# Gesshin Hide x Ashiya Suita



## JBroida (Feb 5, 2014)

Gesshin Hide 270mm Blue #1 Yanagiba with natural stone finish from an Ashiya Suita

http://www.japaneseknifeimports.com...tones/ashiya-suita-205mm-75mm-45mm-1662g.html

http://www.japaneseknifeimports.com...in-hide-270mm-blue-1-hon-kasumi-yanagiba.html


----------



## Bill13 (Feb 5, 2014)

Jon,

That is a monster of a stone, someone's grandchildren will be using that one!


----------



## JBroida (Feb 5, 2014)

i hadnt done a test video for this, so i figured i'd show people what the stone is capable of


----------



## jklip13 (Feb 5, 2014)

beautiful stone Jon, how soft is it?


----------



## JBroida (Feb 5, 2014)

on the softer side of suita... kind of similar in feeling to our gesshin 6000 hardness-wise


----------



## jklip13 (Feb 5, 2014)

must be such a nice stone to use


----------



## seward (Feb 5, 2014)

Beautiful stone. Your description says this:

It is a medium hardness, leaving little to no streaking around the curves of bevels.

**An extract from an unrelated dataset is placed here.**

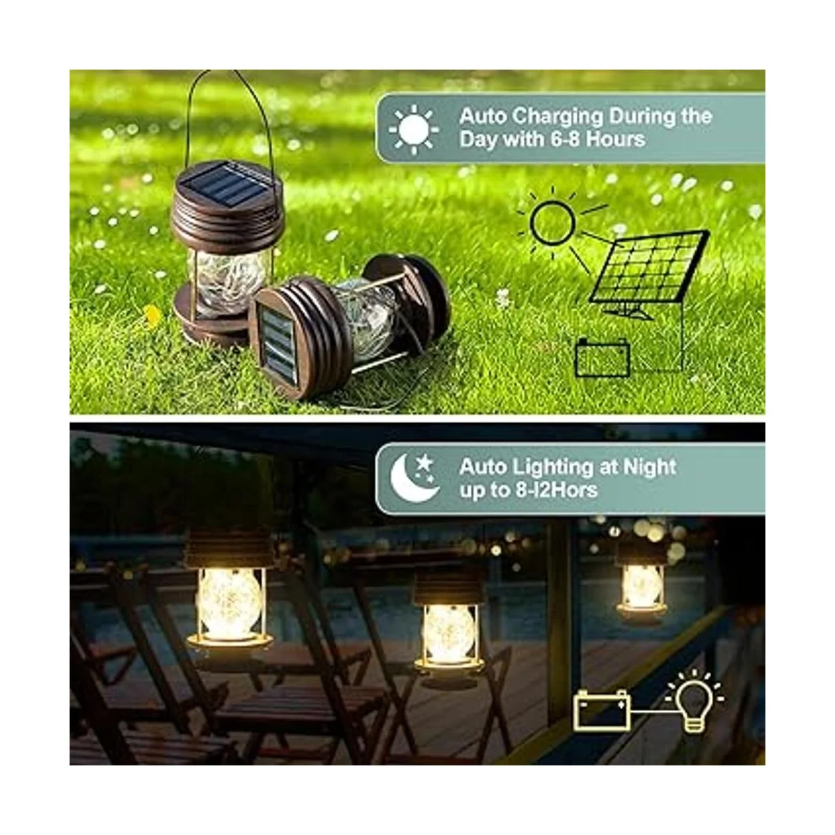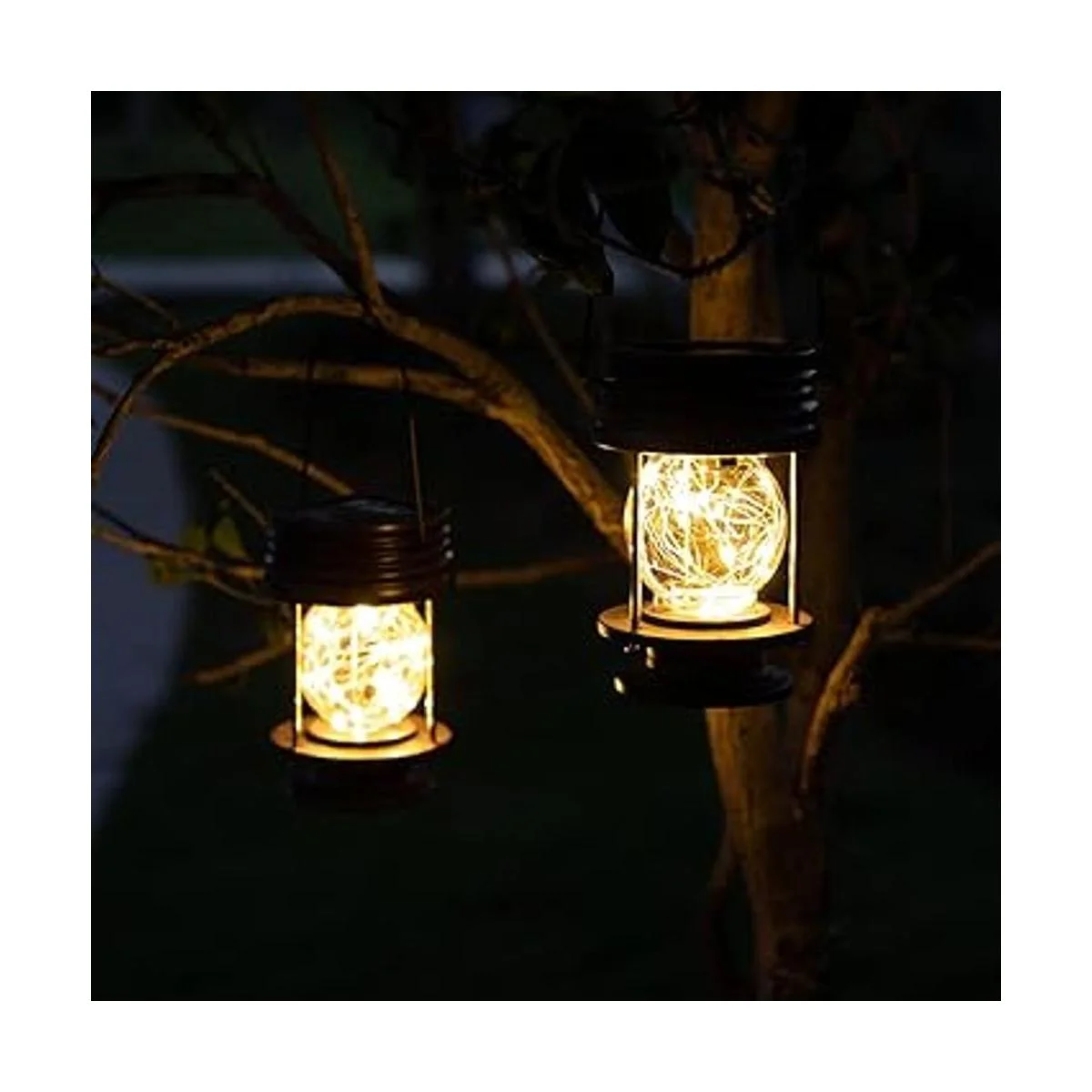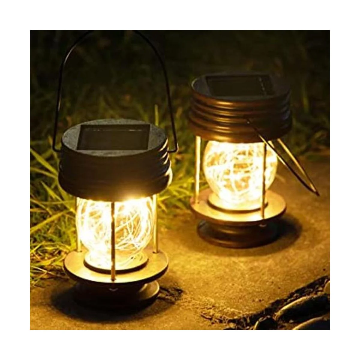 Faroles solares impermeables para colgar al aire libre, paquete de 2 luces LED decorativas solares de paisaje con diseño retro, luces LED cálidas para mesa interior, patio, jardín y camino

Could you explain that streaking a little--I'm not familiar with the concept. Thanks---


----------



## JBroida (Feb 5, 2014)

on harder stones, you will notice that around curves, streaks develop due to the lack of mud and inability of the store to conform to the surface of the knife. See the bottom knife in the attached image...


----------



## seward (Feb 6, 2014)

Perfecto, thanks!


----------



## DSChief (Feb 6, 2014)

Jon's site will not talk to me again, Do I have bad breath, any one else having trouble?
getting this error in both Firefox & IE

SQLSTATE[HY000] [2002] Can't connect to local MySQL server through socket '/var/lib/mysql/mysql.sock' (2)
*Trace:* #0 /home/japanese/public_html/lib/Zend/Db/Adapter/Pdo/Mysql.php(96): Zend_Db_Adapter_Pdo_Abstract->_connect()
#1 /home/japanese/public_html/lib/Varien/Db/Adapter/Pdo/Mysql.php(313): Zend_Db_Adapter_Pdo_Mysql->_connect()
#2 /home/japanese/public_html/lib/Zend/Db/Adapter/Abstract.php(459): Varien_Db_Adapter_Pdo_Mysql->_connect()
#3 /home/japanese/public_html/lib/Zend/Db/Adapter/Pdo/Abstract.php(238): Zend_Db_Adapter_Abstract->query('SET NAMES utf8', Array) 
#4 /home/japanese/public_html/lib/Varien/Db/Adapter/Pdo/Mysql.php(419): Zend_Db_Adapter_Pdo_Abstract->query('SET NAMES utf8', Array)
#5 /home/japanese/public_html/app/code/core/Mage/Core/Model/Resource.php(169): Varien_Db_Adapter_Pdo_Mysql->query('SET NAMES utf8')
#6 /home/japanese/public_html/app/code/core/Mage/Core/Model/Resource.php(110): Mage_Core_Model_Resource->_newConnection('pdo_mysql', Object(Mage_Core_Model_Config_Element)) #7 /home/japanese/public_html/app/code/core/Mage/Core/Model/Resource/Setup.php(141): Mage_Core_Model_Resource->getConnection('core_setup')
#8 /home/japanese/public_html/app/code/core/Mage/Core/Model/Resource/Setup.php(234): Mage_Core_Model_Resource_Setup->__construct('core_setup')
#9 /home/japanese/public_html/app/code/core/Mage/Core/Model/App.php(417): Mage_Core_Model_Resource_Setup::applyAllUpdates()
#10 /home/japanese/public_html/app/code/core/Mage/Core/Model/App.php(343): Mage_Core_Model_App->_initModules()
#11 /home/japanese/public_html/app/Mage.php(683): Mage_Core_Model_App->run(Array)
#12 /home/japanese/public_html/index.php(87): Mage::run('', 'store')
#13 {main}


----------



## lucabrasi (Feb 6, 2014)

Yes, I've been denied access for the last day or do as well.


----------



## JBroida (Feb 6, 2014)

sorry guys... mysql issues... fixed for now... looking into the underlying problem as we speak


----------



## vinster (Feb 7, 2014)

Doh. I was scrounging up pennies to buy this stone and now the cat is out of the bag! :curse:

Or maybe I have to buy both the knife and the stone...


----------



## JBroida (Feb 7, 2014)

the knife is sold, but the stone remains


----------